Designing circumvention protocols for speed, flexibility, and robustness
In working on circumvention protocols, I have repeatedly felt the need for a piece that is missing from our current designs. This document summarizes the problems I perceive, and how I propose to solve them.
In short, I think that every circumvention transport should incorporate some kind of session/reliability protocol—even the ones built on reliable channels that seemingly don't need it. It solves all kinds of problems related to performance and robustness. By session/reliability protocol, I mean something that offers a reliable stream abstraction, with sequence numbers and retransmissions, like QUIC or SCTP. Instead of a raw unstructured data stream, the obfuscation layer will carry encoded datagrams that are provided by the session/reliability layer.
When I say that circumvention transports should incorporate something like QUIC, for example, I don't mean that QUIC UDP packets are what we should send on the wire. No—I am not proposing a new outer layer, but an additional inner layer. We take the datagrams provided by the session/reliability layer, and encode them as appropriate for whatever obfuscation layer we happen to be using. So with meek, for example, instead of sending an unstructured blob of data in each HTTP request/response, we would send a handful of QUIC packets, encoded into the HTTP body. The receiving side would decode the packets and feed them into a local QUIC engine, which would reassemble them and output the original stream. A way to think about it is that the the sequencing/reliability layer is the "TCP" to the obfuscation layer's "IP". The obfuscation layer just needs to deliver chunks of data, on a best-effort basis, without getting blocked by a censor. The sequencing/reliability layer builds a reliable data stream atop that foundation.
I believe this design can improve existing transports, as well as enable new transports that are now possible now, such as those built on unreliable channels. Here is a list of selected problems with existing or potential transports, and how a sequencing/reliability layer helps solve them:
- Problem: Censors can disrupt obfs4 by terminating long-lived TCP connections, as Iran did in 2013, killing connections after 60 seconds.
- This problem exists because the obfs4 session is coupled with the TCP connection. The obfs4 session begins and ends exactly when the TCP connection does.

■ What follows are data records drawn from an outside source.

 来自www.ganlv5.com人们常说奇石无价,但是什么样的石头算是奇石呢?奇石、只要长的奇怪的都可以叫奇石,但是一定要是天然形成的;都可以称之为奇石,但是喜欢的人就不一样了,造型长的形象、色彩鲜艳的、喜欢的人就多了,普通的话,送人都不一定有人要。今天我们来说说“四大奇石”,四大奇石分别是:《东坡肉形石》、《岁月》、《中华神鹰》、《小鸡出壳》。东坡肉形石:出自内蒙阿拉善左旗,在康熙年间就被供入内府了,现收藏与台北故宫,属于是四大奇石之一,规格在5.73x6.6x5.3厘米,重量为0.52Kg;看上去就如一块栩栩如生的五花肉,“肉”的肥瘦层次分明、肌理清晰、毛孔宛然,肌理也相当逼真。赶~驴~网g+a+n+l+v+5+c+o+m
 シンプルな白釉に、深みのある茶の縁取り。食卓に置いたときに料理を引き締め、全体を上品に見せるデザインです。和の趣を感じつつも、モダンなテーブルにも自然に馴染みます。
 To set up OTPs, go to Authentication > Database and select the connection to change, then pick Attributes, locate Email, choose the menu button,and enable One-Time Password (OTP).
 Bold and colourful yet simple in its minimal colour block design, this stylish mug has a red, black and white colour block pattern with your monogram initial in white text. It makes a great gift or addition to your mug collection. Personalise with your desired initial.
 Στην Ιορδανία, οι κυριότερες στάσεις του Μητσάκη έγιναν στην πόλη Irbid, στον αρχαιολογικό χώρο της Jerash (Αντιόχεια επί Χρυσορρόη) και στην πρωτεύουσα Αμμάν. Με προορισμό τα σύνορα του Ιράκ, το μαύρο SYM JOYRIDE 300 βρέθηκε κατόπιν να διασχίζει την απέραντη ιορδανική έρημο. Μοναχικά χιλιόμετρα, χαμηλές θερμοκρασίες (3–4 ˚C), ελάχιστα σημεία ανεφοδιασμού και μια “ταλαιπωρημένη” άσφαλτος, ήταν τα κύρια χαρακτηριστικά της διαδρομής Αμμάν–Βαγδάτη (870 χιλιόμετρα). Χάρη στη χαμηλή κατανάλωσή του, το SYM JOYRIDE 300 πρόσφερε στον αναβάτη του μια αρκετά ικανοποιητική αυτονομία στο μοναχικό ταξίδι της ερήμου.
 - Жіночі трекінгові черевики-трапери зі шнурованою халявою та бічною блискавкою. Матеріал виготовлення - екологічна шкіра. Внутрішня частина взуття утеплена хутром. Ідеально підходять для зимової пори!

We need an additional layer of abstraction, a virtual session that exists independently of any particular TCP connection. That way, if a TCP connection is terminated, it doesn't destroy all the state of the obfs4 session—you can open another TCP connection and resume where you left off, without needing to re-bootstrap Tor or your VPN or whatever was using the channel.
- Problem: The performance of meek is limited because it is half-duplex: it never sends and receives at the same time. This is because, while the bytes in a single HTTP request arrive in order, the ordering of multiple simultaneous requests is not guaranteed. Therefore, the client sends a request, then waits for the server's response before sending another, resulting in a delay of an RTT between successive sends.

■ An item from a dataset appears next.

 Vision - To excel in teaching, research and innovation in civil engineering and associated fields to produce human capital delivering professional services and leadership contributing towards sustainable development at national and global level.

- The session/reliability layer provides sequence numbers and reordering. Both sides can send data whenever is convenient, or as needed for traffic shaping, and any unordered data will be put back in order at the other end. A client could even split its traffic over two or more CDNs, with different latency characteristics, and know that the server will buffer and reorder the encoded packets to correctly recover the data stream.
- Problem: A Snowflake client can only use one proxy at a time, and that proxy may be slow or unreliable. Finding a working proxy is slow because each non-working one must time out in succession before trying another one.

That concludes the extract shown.